Go to the line with "お詣りのあと、進行方面を変え鰐川方面へ。巨大な揚水施設があります。" in the entries below and write out every line from there through the line with "The adidas Sambae", exactly and without pictures.

THE DATA.
━━━

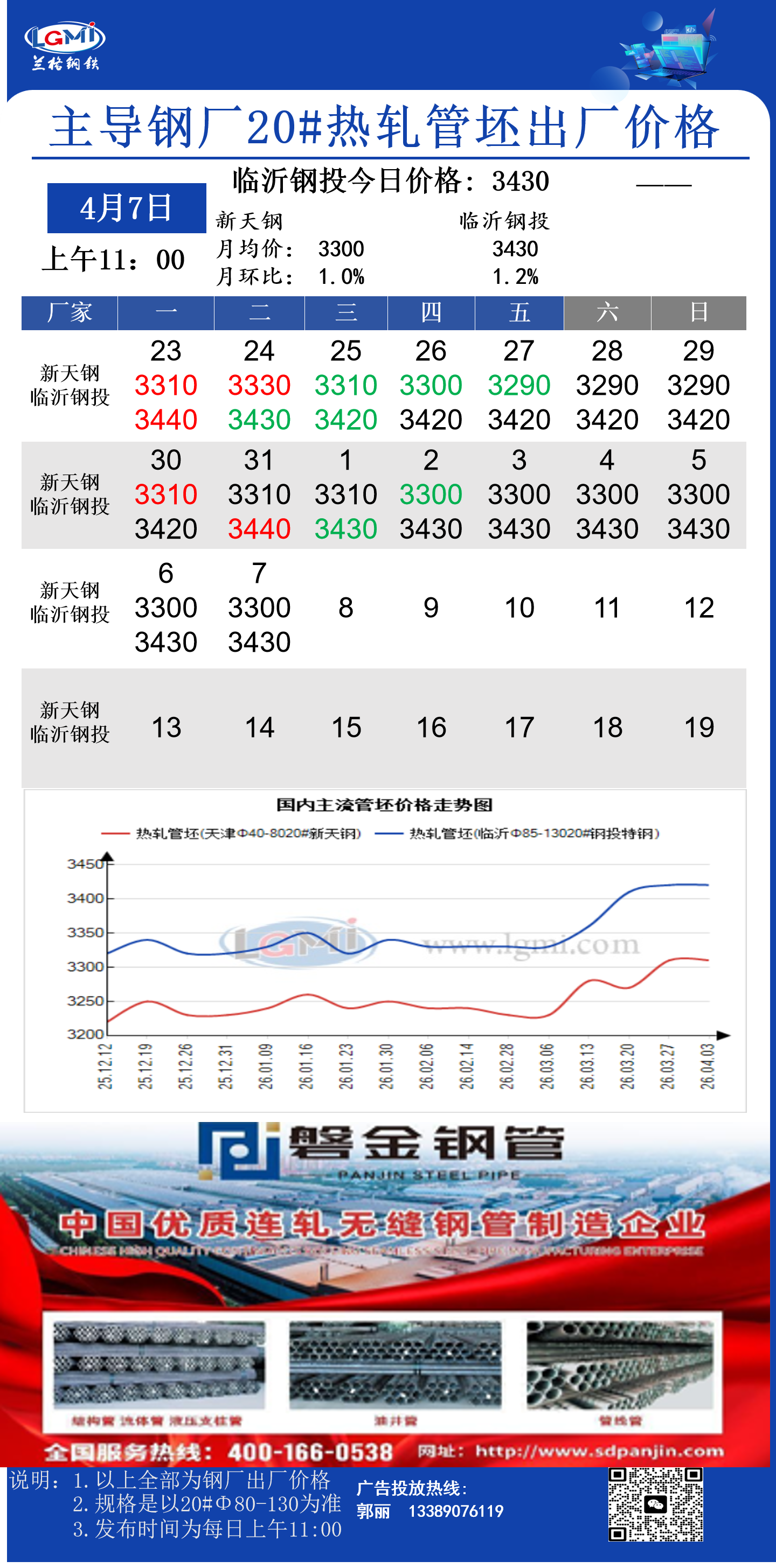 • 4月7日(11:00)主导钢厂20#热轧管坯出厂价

━━━

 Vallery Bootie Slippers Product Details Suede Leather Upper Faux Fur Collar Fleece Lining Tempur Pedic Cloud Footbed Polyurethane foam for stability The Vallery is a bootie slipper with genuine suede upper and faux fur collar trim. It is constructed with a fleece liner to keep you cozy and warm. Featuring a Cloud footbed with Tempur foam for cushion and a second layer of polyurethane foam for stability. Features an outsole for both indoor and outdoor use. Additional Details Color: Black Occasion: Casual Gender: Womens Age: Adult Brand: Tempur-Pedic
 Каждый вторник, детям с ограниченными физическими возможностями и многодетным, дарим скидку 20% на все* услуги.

━━━

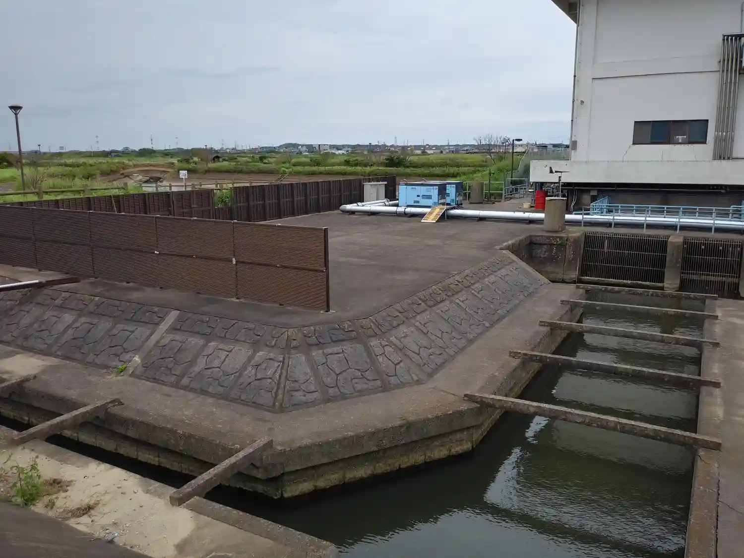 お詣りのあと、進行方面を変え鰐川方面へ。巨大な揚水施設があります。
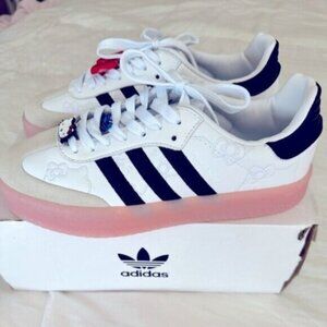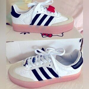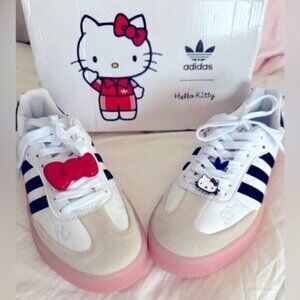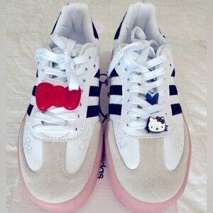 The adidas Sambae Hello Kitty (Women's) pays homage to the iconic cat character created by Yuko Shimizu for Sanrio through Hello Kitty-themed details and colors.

━━━

EXPECTED ANSWER.
 お詣りのあと、進行方面を変え鰐川方面へ。巨大な揚水施設があります。
 The adidas Sambae Hello Kitty (Women's) pays homage to the iconic cat character created by Yuko Shimizu for Sanrio through Hello Kitty-themed details and colors.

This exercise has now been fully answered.